Замешался в груду креветок
Одинокий сверчок[5].
Это вам не тесный аквариум, а настоящая поэзия!
Но в мире, где я живу, поэзии гораздо меньше, чем в хижине японского рыбака. По-вашему, нормально, когда четыре человека занимают квартиру в четыреста квадратных метров, тогда как множество других людей, среди которых, очень может быть, есть проклятые поэты, не имеют приличного жилья и ютятся вдесятером на двадцати? Когда прошлым летом в новостях передали, что несколько африканцев погибли из-за того, что их битком набитый дом загорелся от брошенной на лестнице спички, я подумала вот что. Эти люди каждый день тычутся в стенки своего аквариума, и никакие сказки не заслонят очевидной реальности. А мои родители и сестра, в своей четырехсотметровой квартире, заставленной мебелью и увешанной картинами, воображают, будто плавают в океане.

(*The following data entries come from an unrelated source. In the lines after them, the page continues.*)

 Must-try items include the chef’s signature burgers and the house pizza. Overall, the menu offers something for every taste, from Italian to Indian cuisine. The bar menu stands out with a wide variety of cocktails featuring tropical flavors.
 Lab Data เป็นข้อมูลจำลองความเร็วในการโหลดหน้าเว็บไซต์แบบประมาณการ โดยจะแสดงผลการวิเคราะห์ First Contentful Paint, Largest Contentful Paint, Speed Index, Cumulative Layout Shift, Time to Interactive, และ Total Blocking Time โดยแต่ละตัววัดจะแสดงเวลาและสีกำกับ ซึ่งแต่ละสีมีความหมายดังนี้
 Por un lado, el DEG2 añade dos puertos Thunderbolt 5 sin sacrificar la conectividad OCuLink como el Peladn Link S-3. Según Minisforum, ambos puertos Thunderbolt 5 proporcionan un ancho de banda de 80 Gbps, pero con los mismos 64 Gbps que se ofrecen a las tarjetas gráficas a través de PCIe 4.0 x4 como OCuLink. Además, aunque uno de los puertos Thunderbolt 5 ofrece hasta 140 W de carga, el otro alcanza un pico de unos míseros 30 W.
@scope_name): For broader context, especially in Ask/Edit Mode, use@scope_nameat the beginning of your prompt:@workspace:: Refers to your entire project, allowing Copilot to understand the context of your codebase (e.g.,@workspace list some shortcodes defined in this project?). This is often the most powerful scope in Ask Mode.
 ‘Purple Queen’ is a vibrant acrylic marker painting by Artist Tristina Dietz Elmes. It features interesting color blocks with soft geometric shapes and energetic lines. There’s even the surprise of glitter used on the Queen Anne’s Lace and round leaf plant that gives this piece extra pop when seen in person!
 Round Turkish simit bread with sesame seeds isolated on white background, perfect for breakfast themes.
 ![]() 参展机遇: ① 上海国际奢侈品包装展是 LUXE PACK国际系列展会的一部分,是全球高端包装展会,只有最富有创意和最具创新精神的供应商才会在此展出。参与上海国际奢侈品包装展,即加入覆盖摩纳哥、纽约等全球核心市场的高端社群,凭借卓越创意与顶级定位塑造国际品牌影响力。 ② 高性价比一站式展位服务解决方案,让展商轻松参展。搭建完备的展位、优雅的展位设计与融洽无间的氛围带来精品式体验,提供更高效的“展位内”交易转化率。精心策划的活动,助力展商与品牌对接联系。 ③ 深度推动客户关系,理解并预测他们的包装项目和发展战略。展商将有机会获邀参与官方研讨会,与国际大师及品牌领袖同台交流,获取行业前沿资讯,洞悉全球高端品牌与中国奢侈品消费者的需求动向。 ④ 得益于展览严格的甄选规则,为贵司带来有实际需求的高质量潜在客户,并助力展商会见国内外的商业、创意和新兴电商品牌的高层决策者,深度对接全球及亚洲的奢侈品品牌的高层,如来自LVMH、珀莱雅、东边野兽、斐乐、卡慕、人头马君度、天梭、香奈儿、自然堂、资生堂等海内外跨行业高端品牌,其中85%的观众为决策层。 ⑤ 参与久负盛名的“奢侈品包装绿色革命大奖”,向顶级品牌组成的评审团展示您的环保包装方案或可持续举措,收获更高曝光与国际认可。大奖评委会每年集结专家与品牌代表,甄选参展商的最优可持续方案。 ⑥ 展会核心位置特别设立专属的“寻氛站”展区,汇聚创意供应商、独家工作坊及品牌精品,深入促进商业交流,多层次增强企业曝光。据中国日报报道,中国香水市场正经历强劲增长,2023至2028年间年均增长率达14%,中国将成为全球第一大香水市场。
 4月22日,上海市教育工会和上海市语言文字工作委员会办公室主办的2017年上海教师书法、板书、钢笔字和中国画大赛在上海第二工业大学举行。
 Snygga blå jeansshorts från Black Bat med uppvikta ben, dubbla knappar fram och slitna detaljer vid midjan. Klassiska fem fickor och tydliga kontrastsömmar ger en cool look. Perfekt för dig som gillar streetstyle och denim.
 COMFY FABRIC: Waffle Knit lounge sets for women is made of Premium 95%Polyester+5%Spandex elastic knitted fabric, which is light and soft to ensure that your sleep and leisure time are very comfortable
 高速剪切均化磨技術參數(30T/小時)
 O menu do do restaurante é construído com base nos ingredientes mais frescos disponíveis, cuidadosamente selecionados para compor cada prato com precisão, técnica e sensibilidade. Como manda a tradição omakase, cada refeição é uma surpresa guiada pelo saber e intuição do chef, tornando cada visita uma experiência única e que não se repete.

Так вот, шестнадцатого июня я постараюсь напомнить им об их сардиньем уделе: возьму и подожгу квартиру (с помощью разжигательной жидкости для барбекю). Заметьте, я не убийца, я это сделаю, когда в квартире никого не будет (шестнадцатого июня — суббота, а в субботу вечером Коломба отправляется к Тиберу, мама — на йогу, а папа — в свой клуб, дома остаюсь одна я), кошек выпущу в окно и заблаговременно вызову пожарных, чтобы обошлось без жертв. А сама спокойненько улягусь в маминой кровати и проглочу свое снотворное.
Может, лишившись квартиры и дочери, они задумаются о мертвых африканцах?
По вторникам и четвергам ко мне заходит на чай единственная моя подруга Мануэла. Это простая женщина, которая двадцать лет подряд вытирает пыль в чужих домах, но ничуть от этого не остервенела. «Вытирать пыль» — это такой стыдливый эвфемизм. У богатых не принято называть вещи своими именами.
— Я вытряхиваю корзинки с грязными прокладками, — рассказывает она со своим мягким, пришепетывающим акцентом, — подтираю собачью блевотину, чищу птичьи клетки — никогда и не подумаешь, что такие крохотные пташки столько гадят! — мою сортиры. В общем, та еще пыль!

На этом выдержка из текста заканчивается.